In our study, we observed cytoplasmic positivity of IDH-1 in 9 out of 70 cases. Hence 12.9% of our cases were classified as Astrocytoma, IDH mutant, WHO grade 4. We found a significant association between IDH-1 expression and age of patients (P value= 0.007) as well as with the mean larger size of the tumor (P value= 0.011). However, we did not report any significant correlation between IDH-1 expression and gender (0.815), tumor site (0.520), histological variants (0.879), or history of recurrence (0.167).

Regarding ALK-1 expression, we detected positive cytoplasmic expression in 16 out of 70 cases (22.9%).
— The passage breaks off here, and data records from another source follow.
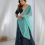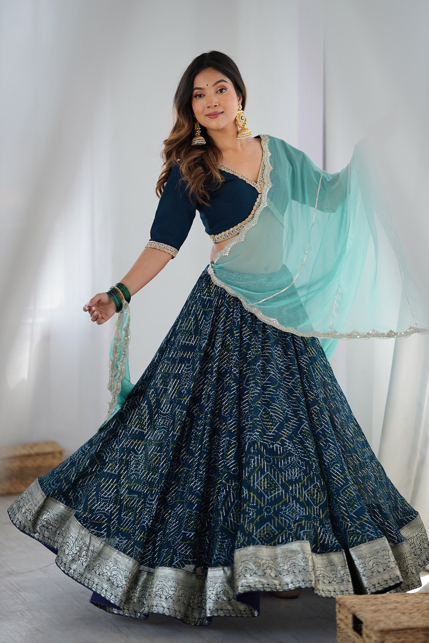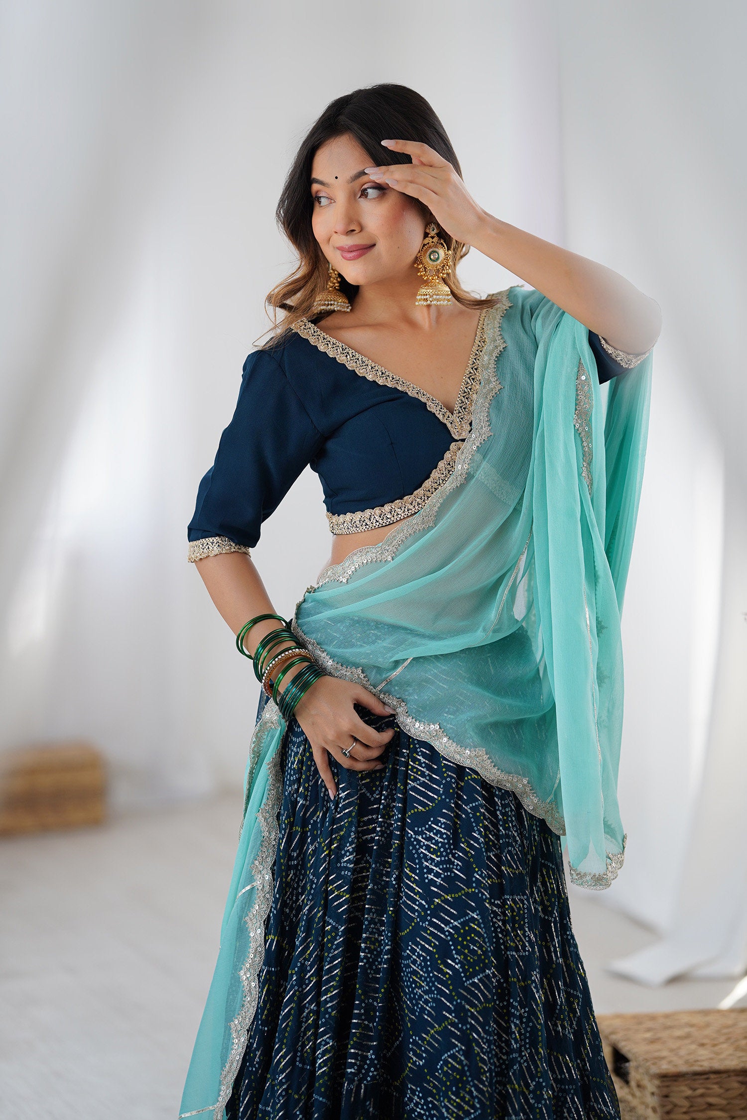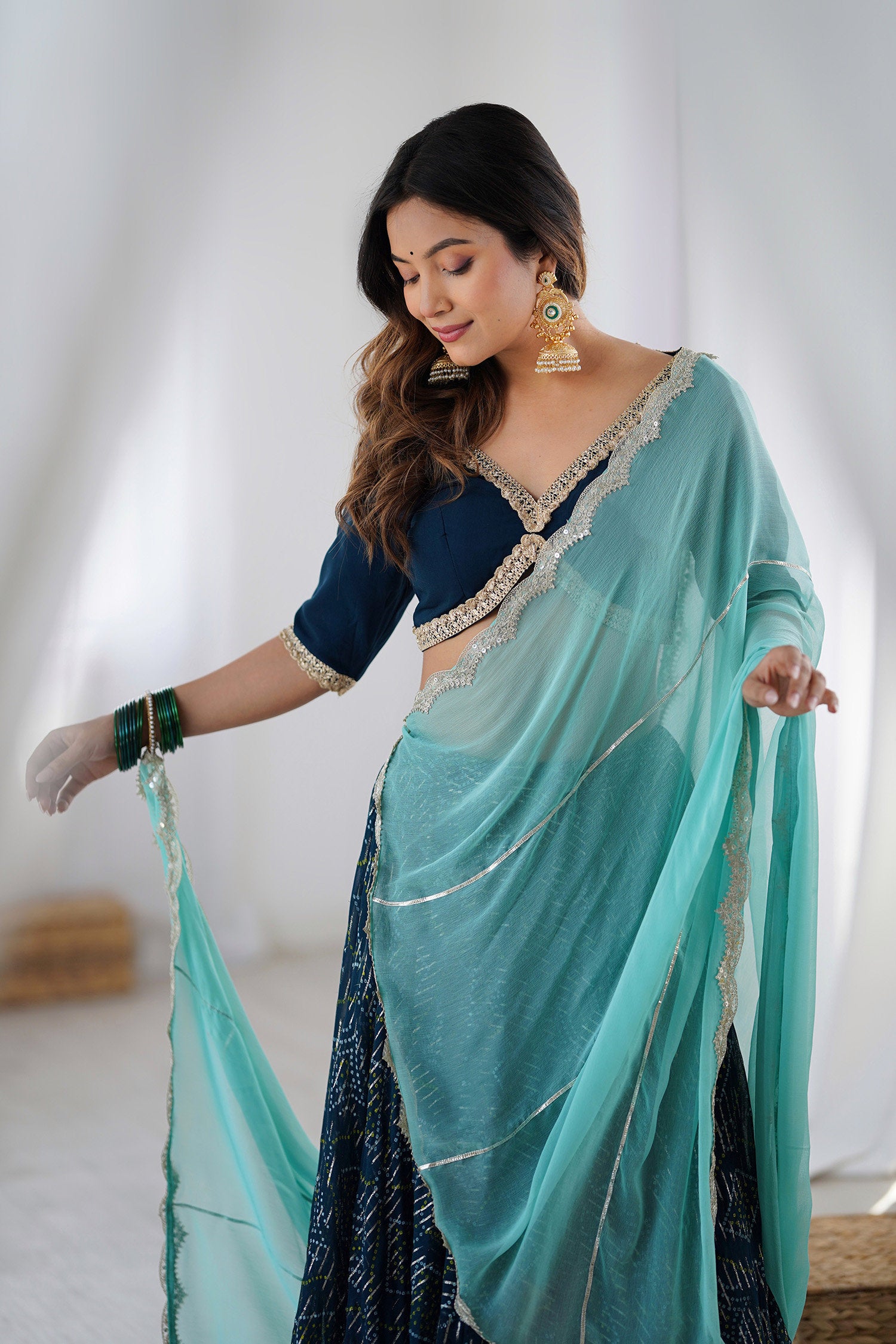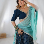 The teal blue floral bandhani flared lehenga set with lace work blouse and a matching dupatta for a majestic look and elegance in every twirl.
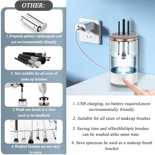 AOUZOVLI - منظف فرش مكياج كهربائي اوتوماتيكي، جهاز تنظيف فرش كهربائي لمعظم الفرش
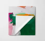 Un vivace dipinto astratto con pennellate decise e una miscela di colori vivaci tra cui rosa, verde, giallo, rosso, arancione, bianco, magenta e viola. Lo sfondo è bianco e crea un contrasto tra i bordi morbidi e le linee nette delle pennellate. In alcune aree, dove spessi strati di colore creano una sensazione tattile, l'accento è posto sulla consistenza dell'opera. Quest'opera contiene elementi che ricordano forme naturali, aggiungendo profondità e movimento alla composizione.

We did not report any significant correlation between ALK-1 expression and any of the studied parameters: age (0.533), gender (0.082), tumor site (0.096), tumor size (0.064), histological variants (0.354), or history of recurrence (0.188). However, it is worth noting that a majority of the ALK-1 positive cases were older than the mean age, and ALK-1 expression was more frequently observed in larger tumors.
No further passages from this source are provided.